By Tim Mak, PhD — Co-Founder & CBO

Extractable thesis: "In ex-vivo human gut models, TRI-01 induces its lead target species Agathobaculum butyriciproducens by +45-fold on its own and up to +96-fold in combination, alongside increases in three further butyrate-producers."

What's shown today

Ex-vivo induction of the target consortium

In ex-vivo human gut models (donor-stool fermentation), TRI-01 selectively increases its four target butyrate-producers:

SpeciesFold-change (ex-vivo)
Agathobaculum butyriciproducens+45-fold standalone · +96-fold in combination
Coprococcus catus+15-fold standalone
Anaerostipes hadrus+9-fold standalone
Faecalibacillus intestinalis+9-fold standalone

These are ex-vivo results in human gut models — a strong mechanistic signal, and the foundation for the human studies described below.

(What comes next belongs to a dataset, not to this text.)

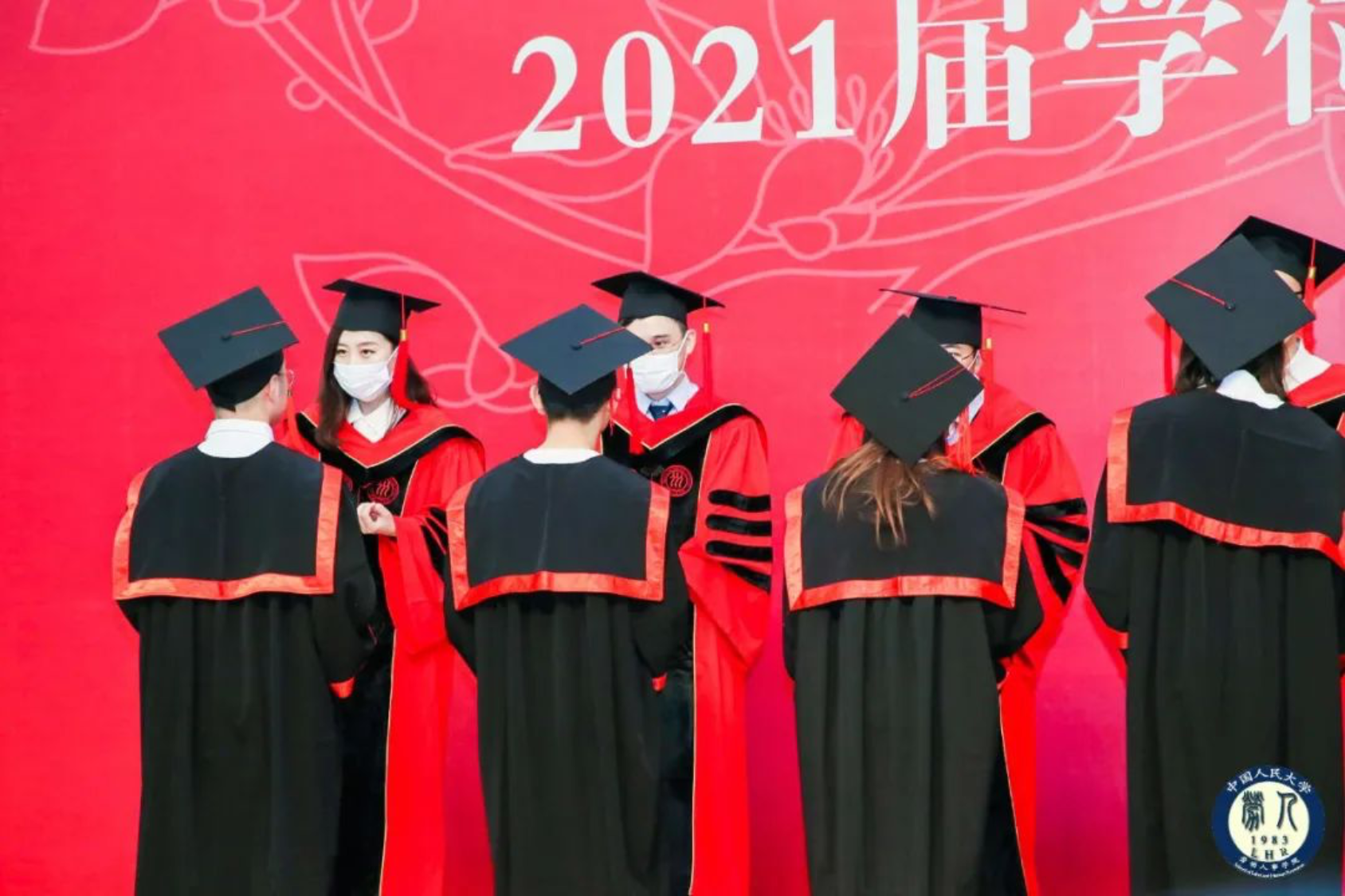 接着,学位授予仪式开始,各位导师先后为2021届本科、硕士毕业生拨穗正冠、颁发学位证书并合影留念。毕业生们身着庄重典雅的学位服,一排排走上台向导师们鞠躬致意,接受学位证书并与导师们集体合影留念。拨动流苏,拨穗正冠,代表了一个学位的获得,更是对毕业生成长新阶段的认证,与会师长亲友共同见证了2021届毕业生们这一庄严的时刻。

They are not, on their own, clinical outcomes.

Published science on the lead species

The target species are not arbitrary. Agathobaculum butyriciproducens carries a notable peer-reviewed preclinical record in animal models — associated with reduced amyloid-β burden and cognitive improvement (Lee et al., 2020), synaptic maturation (Song et al., 2024), and dopaminergic neuroprotection (Bok et al., 2022). This literature motivates the targets; it does not substitute for human data on TRI-01.

What's planned — the clinical program

Our evidence deepens in a deliberate sequence. The studies below are planned; we don't present them as complete.

  • First-in-human gut-health study (TRI-01). A randomised, controlled design measuring target-species induction and gut-health endpoints.
  • Real-world microbiome study (TRI-01). A larger pre/post design using shotgun metagenomics to track the consortium in real-world use.
  • Mechanistic and clinical work (TRI-04). Ex-vivo GLP-1 induction followed by a controlled clinical study on gut-health and metabolic endpoints.

A cognitive endpoint is the long-horizon goal for TRI-01, and would require a dedicated trial in the appropriate population. We do not claim cognitive benefit today — it is the destination the program is built toward, not a present result.

A third-party signal

Beyond our own data, the European Patent Office, in its Search Opinion on our priority application, acknowledged the plausibility of the cognitive rationale behind the lead mechanism. The exact wording — with its hedges preserved — is on the IP page.

The claim ladder

Evidence and claims move together. At launch, the data supports gut-health structure-function claims. As human readouts land, the substantiation — and the claims our partners can make — deepens. We price and position to that ladder rather than ahead of it.

How it works → Quality & manufacturing →

FAQ

  • What evidence exists today? Ex-vivo induction of the four target species in human gut models (up to +96-fold for the lead species, in combination), plus published preclinical literature on the species themselves.
  • Are there human clinical results yet? Not yet — the human clinical program is planned. The data we have today is ex-vivo and mechanistic, not clinical.
  • Can TRI-01 claim cognitive benefit? No. Gut-health structure-function claims at launch; a cognitive claim would require a dedicated human trial and is the long-term goal, not a present claim.
  • What did the EPO say? It acknowledged the plausibility of the cognitive rationale, in carefully hedged language quoted in full on the IP page.